The activists are with Witness Against Torture and have come to the nation’s capital to fast in solidarity with the inmates of Guantanamo Bay and call for the prison to be closed. As they march through the vast transportation terminal, the group also stops periodically to tell the story of 30-year-old Fahad Ghazy, a man who has been imprisoned at Guantanamo since he was 17. Even though he was cleared for release in 2007, Ghazy remains in prison.

“He’s a Yemani, he has a wife and a daughter,” explains Martha Hennessey of Vermont. “The daughter was two-months-old when he left. And so Fahad is someone who is helping us to recognize his humanity and to reclaim our own humanity as we are complicit. We are a part of the problem of Guantanamo.”

After the demonstration, the group headed back to First Trinity Lutheran Church where 35 of them are sleeping in the basement. Organizers say dozens more are fasting around the country. Their last meal was Monday night.

The hunger strike, they say, isn’t just in solidarity with hunger strikers imprisoned in Guantanamo. They’re also calling for the public to hold their lawmakers accountable.

“Maybe we need more marches in Washington D.C., or people can write letters,” says Janice Sevre-Duszynska of Lexington, Kentucky. “People need to take responsibility to get their government to take responsibility.”

The questions of “Who is accountable?” and “Who is responsible?” have been floating around a lot since the December release of what is now known as the CIA’s torture report. The voluminous report released by the Senate Intelligence Committee details five-and-half years of the CIA’s overseas detention and interrogation program, including evidence of torture. Yet no one has been prosecuted and the talk of reform has tapered off.

Katherine Hawkins is the national security fellow at OpenTheGovernment.org. She says the first step to accountability is to find out why the evidence of torture in the CIA report failed to result in action. Civil rights groups, such as Human Rights Watch and the ACLU, have called for investigators to reopen the probe but the Department of Justice isn’t budging.

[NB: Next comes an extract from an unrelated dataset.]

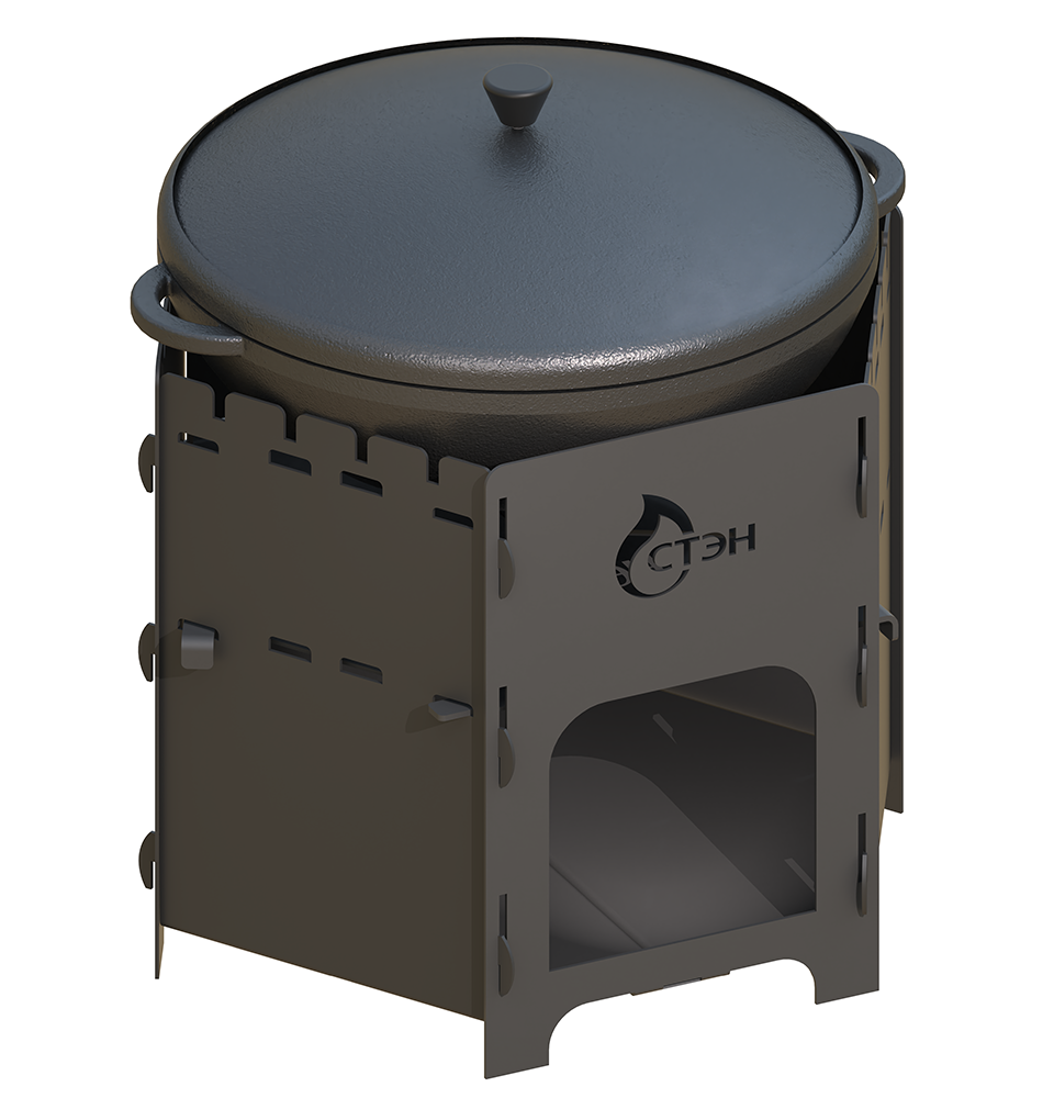Печь для казана объемом 10 литров с ручками, съемные ножки, зольник

But Hawkins says “when you have, you know, dead prisoners, and clear acts of torture and no one held accountable, it’s impossible to trust and no real explanation of why, it’s impossible to trust the outcome.”

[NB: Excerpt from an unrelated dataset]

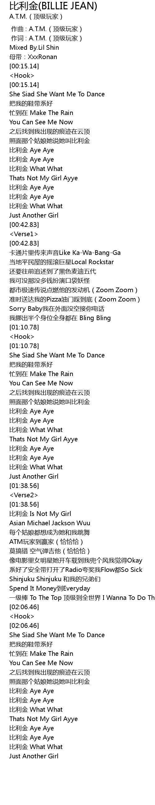 | [00:01.000] | zuò cí : A. T. M. dǐng jí wán jiā |

In the meantime, Hawkins says other mechanisms could be put in place to at least ensure accountability moving forward. These could include bolstering the criminal definition of “torture” as well as enacting President Obama’s 2009 executive order to end the program.

Outgoing Senate Intelligence Committee Chairwoman Dianne Feinstein is readying legislation that would do just that. Her plans, which were outlined Monday in a letter to the President, would limit interrogation techniques used by CIA officials and ban long-term detention of detainees.

Hawkins suspects Feinstein has concluded and accepted that no one will be prosecuted “and thinks, ‘Well, we should at least strengthen the law so that, say there’s another terror attack 10 years from now under a different president, we can’t go back there.’” Hawkins also says limiting what the CIA can classify and ensuring ongoing public disclosure of what’s happening to detainees as well as better media coverage may also foster change.

Back at the First Trinity Lutheran Church, Witness Against Torture organizer Matt Daloisio says the combination of a Republican-led Congress and a Democratic President doesn’t spark much optimism for compromise in the coming year. But he says they’re hopeful President Obama will at least keep his campaign promise to close the prison.

“And it’s something he has maintained that he wanted to do but has not done, has failed,” noted Daloisio. “So we are optimistic or maybe if not optimistic, hopeful that President Obama will close the prison before his term is up.”

The fasting and demonstrations continue into the weekend. Several other social justice groups are expected to join a culminating rally Sunday in front of the White House, followed by a demonstration on Monday.